> DATA RECORDS:
━━━━

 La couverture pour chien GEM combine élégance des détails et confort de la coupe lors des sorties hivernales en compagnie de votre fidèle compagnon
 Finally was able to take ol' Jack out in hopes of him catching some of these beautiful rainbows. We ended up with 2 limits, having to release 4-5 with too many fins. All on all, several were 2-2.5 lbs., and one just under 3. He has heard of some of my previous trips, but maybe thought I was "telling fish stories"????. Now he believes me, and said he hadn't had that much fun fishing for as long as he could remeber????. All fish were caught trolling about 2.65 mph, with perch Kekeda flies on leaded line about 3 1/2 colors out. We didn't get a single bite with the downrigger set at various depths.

━━━━

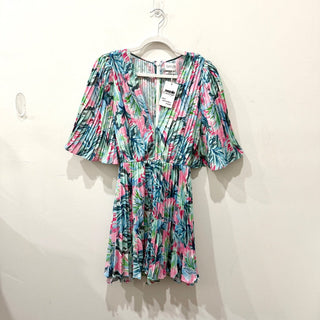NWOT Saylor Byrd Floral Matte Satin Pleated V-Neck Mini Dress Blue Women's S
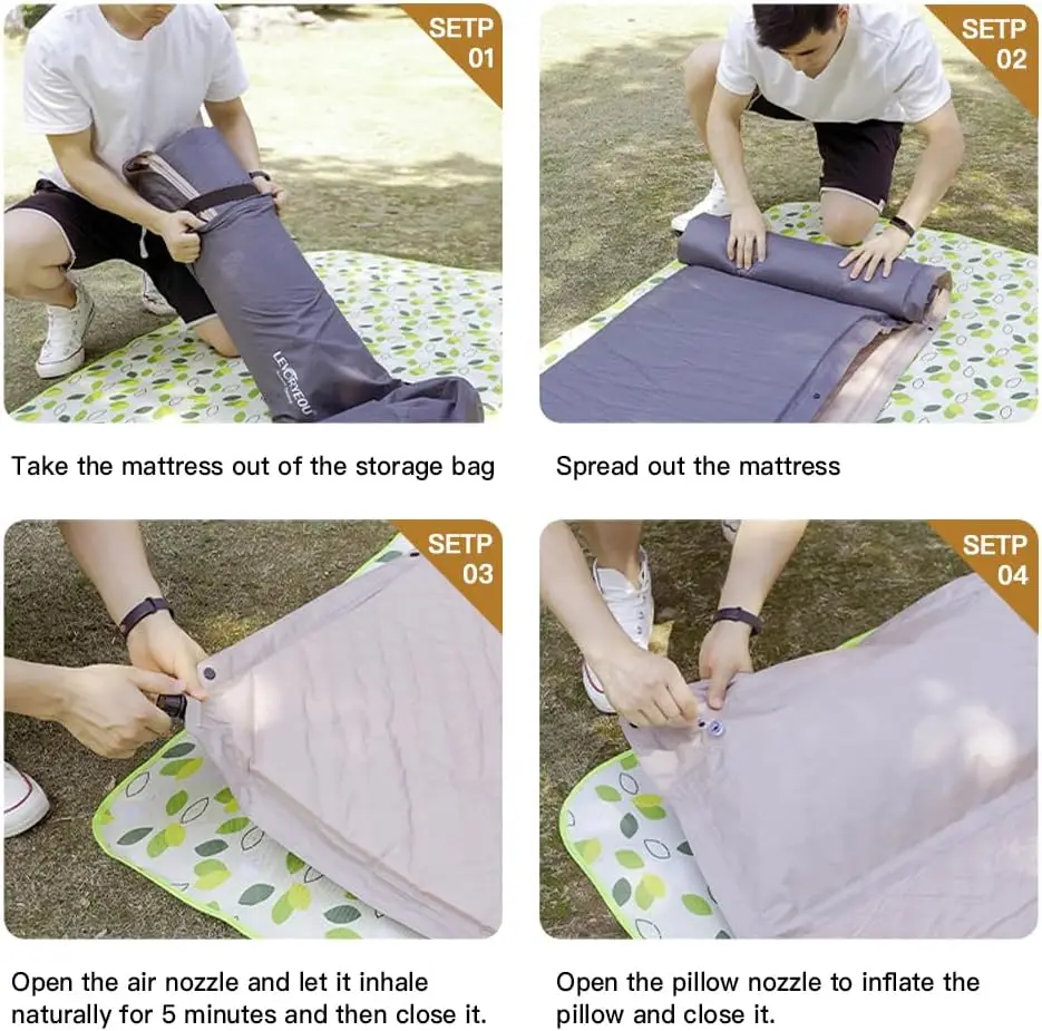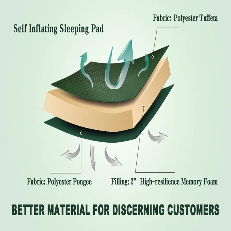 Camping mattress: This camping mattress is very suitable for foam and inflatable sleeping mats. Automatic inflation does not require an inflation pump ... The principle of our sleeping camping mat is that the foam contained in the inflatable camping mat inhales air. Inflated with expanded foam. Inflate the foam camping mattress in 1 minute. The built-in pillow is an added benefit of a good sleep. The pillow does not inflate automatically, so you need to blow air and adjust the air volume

━━━━

> HOW TO COMPLETE THIS TASK:
A word-for-word reproduction is needed of the lines above from the line containing "NWOT Saylor Byrd" through the line containing "Camping mattress: This", with both ends kept and no pictures.

> ANSWER BOX:
NWOT Saylor Byrd Floral Matte Satin Pleated V-Neck Mini Dress Blue Women's S
 Camping mattress: This camping mattress is very suitable for foam and inflatable sleeping mats. Automatic inflation does not require an inflation pump ... The principle of our sleeping camping mat is that the foam contained in the inflatable camping mat inhales air. Inflated with expanded foam. Inflate the foam camping mattress in 1 minute. The built-in pillow is an added benefit of a good sleep. The pillow does not inflate automatically, so you need to blow air and adjust the air volume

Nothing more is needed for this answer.